I am conduced chip-seq for proteins that are part of a complex.

Peak1 - AR
Peak2 - EZH2
Peak3 - pEZH2

From the chip seeker analysis pipeline PMID:28416945, I was able to get to a point in the pipeline that spits out a venn diagram showing common peaks between the 3 chip-seqs. Venn Diagram

I wanted to extract the ID of the genes in the overlapping regions.

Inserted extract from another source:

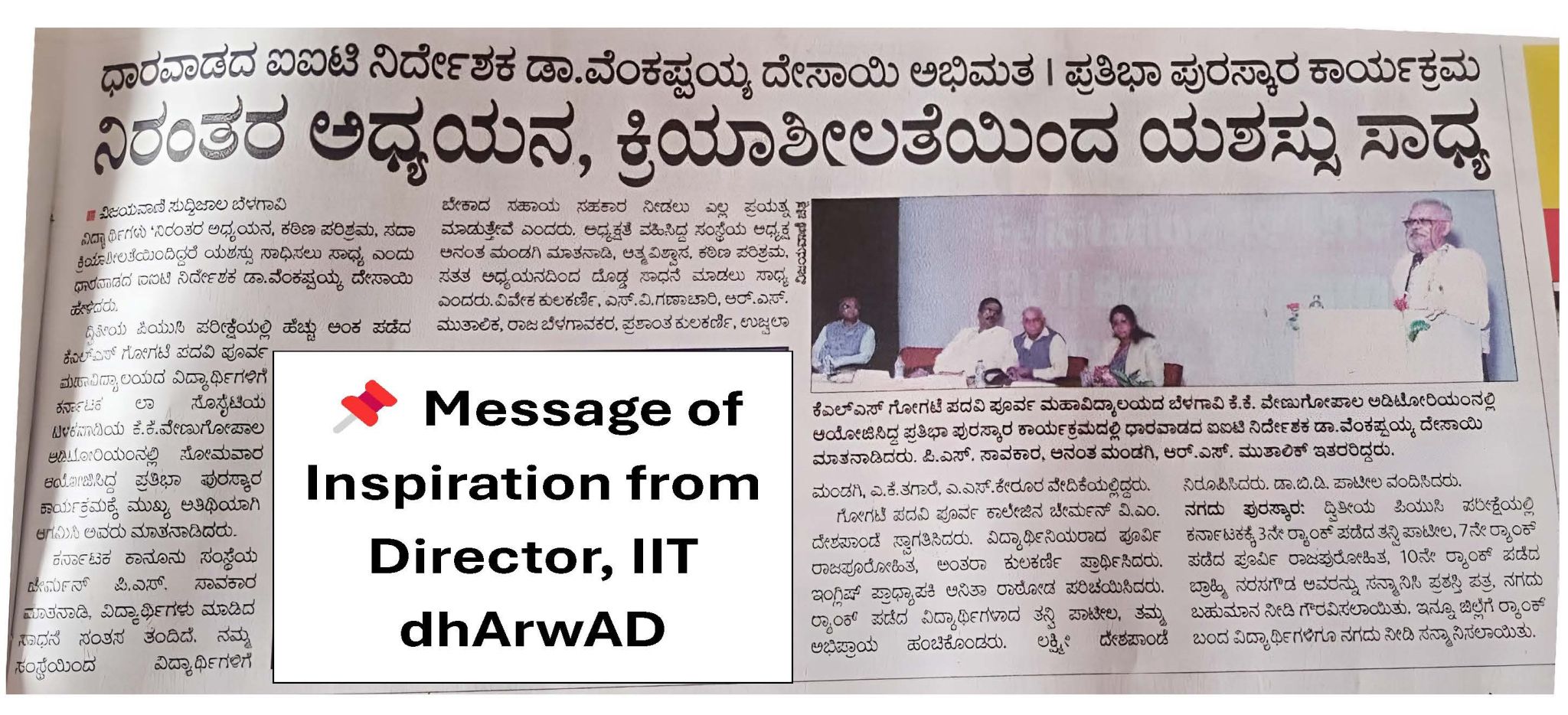 Message of Inspiration from Director, IIT dhArwAD- PROF. VenkappayyA R. dEsAi, Director of IIT dhArwAD, addressed students at the PratibhA PuraskAr event held at K.L.S. Gogte Pre-University College, BeLagAvi, on 19th April 2025.

This I what I have so far:

files <- list(peak1 = "AR.bed", peak2 = "EZH2.bed", peak3 = "pEZH2.bed")

peakAnnoList <- lapply(files, annotatePeak, TxDb=txdb,
                       tssRegion=c(-5000, 5000), verbose=FALSE)

genes = lapply(peakAnnoList, function(i) as.data.frame(i)$geneId)

vennplot(genes)

Is there another way to export out the "genes" data as a excel or csv? It presents as a "Large list" in the environment. I tried the following command and it didn't work as the lengths of the 3 lists isn't the same.

df4 <- data.frame(as.data.frame(genes))

write.table(df4, "overlap.xls", quote=FALSE, row.names=TRUE, sep="\t")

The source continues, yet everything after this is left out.